Tunable ultra-uniform Cs4PbBr6 perovskites with efficient photoluminescence and excellent stability for high-performance white light-emitting diodes

Abstract

Metal halide perovskites are a new class of promising materials in optoelectronic applications. As the optoelectronic properties of lead halide perovskites are determined largely by their morphology, the morphology of perovskites is crucial for their applications. However, the morphology-controllable synthesis of Cs₄PbBr₆ perovskites has been scarcely reported so far.

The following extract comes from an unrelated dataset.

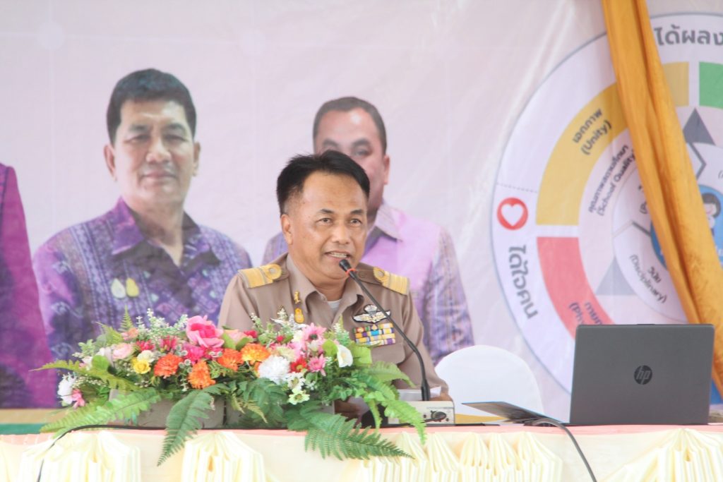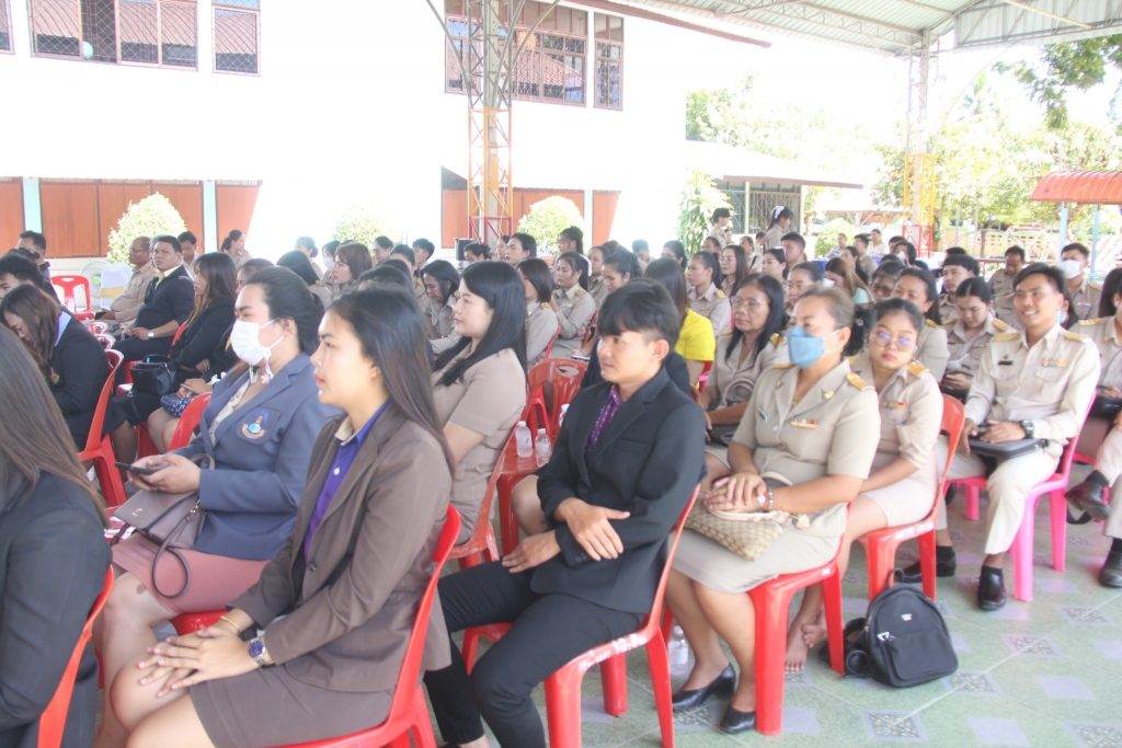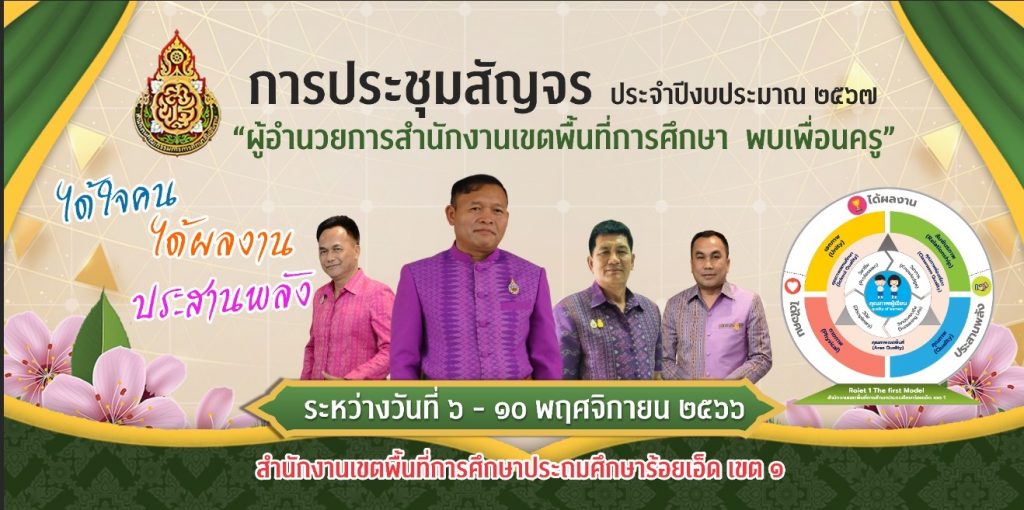 นายสุชาติ พุทธลา ผู้อำนวยการสำนักงานเขตพื้นที่การศึกษาประถมศึกษาร้อยเอ็ด เขต 1 พร้อม นายสุกิจ กลางสุข, นายปริญญา นวลรักษา, นายกิตติภูมิ อุทสาร รองผู้อํานวยการสํานักงานเขตพื้นที่การศึกษาประถมศึกษาร้อยเอ็ด เขต 1 ผู้อำนวยการกลุ่มทุกกลุ่ม ประชุมสัญจรข้าราชการครูและบุคลากรทางการศึกษา ประจำปีการศึกษา 2566 “ผอ.เขต พบเพื่อนครูและบุคลากรทางการศึกษา” ศูนย์ส่งเสริมประสิทธิภาพการศึกษา อำเภอเชียงขวัญ เพื่อพบปะ มอบนโยบายสำนักงานเขตพื้นที่การศึกษาประถมศึกษาประถมศึกษาร้อยเอ็ด เขต 1 และชี้แจงแนวทาง กุลยุทธ์ จุดเน้น บทบาทหน้าที่ รวมทั้งภารกิจที่เกี่ยวข้องในการส่งเสริมพัฒนาและยกระดับคุณภาพการศึกษา ประจำปีการศึกษา 2566 พร้อมแจ้งข้อราชการที่เกี่ยวข้องกับสถานศึกษาเพื่อเป็นแนวปฏิบัติ ทั้งนี้เพื่อสร้างความเข้าใจและร่วมกันขับเคลื่อนพัฒนาคุณภาพการศึกษาอย่างมีประสิทธิภาพ ณ หอประชุมโรงเรียนบ้านหมูม้น อำเภอเชียงขวัญ จังหวัดร้อยเอ็ด

Here, zero-dimensional Cs₄PbBr₆ perovskite microcrystals with tunable size and ultra-uniform morphology were synthesized via a facile precipitation method. The as-prepared Cs₄PbBr₆ microcrystals possess high photoluminescence quantum yields of up to 98% and excellent stability. The content of ligands plays a dominant role in the solubility of PbBr₂ and can compete with Cs⁺ ions for the surface passivation of Cs₄PbBr₆ microcrystals, thus modulating the kinetics of the reaction to influence the size and phase of the final products. Meanwhile, the synthesized Cs₄PbBr₆ microcrystals have outstanding thermal stability compared with CsPbBr₃ perovskites. Highly emissive hexagonal Cs₄PbBr₆ microcrystals with excellent stability were used as phosphors for white light emitting diodes (WLEDs), and the luminous efficiency of the WLED device was determined to be as high as 116.84 lm W⁻¹. This study provides an effective and facile approach to fabricate stable Cs₄PbBr₆ microcrystals with tunable size and excellent photoluminescence properties.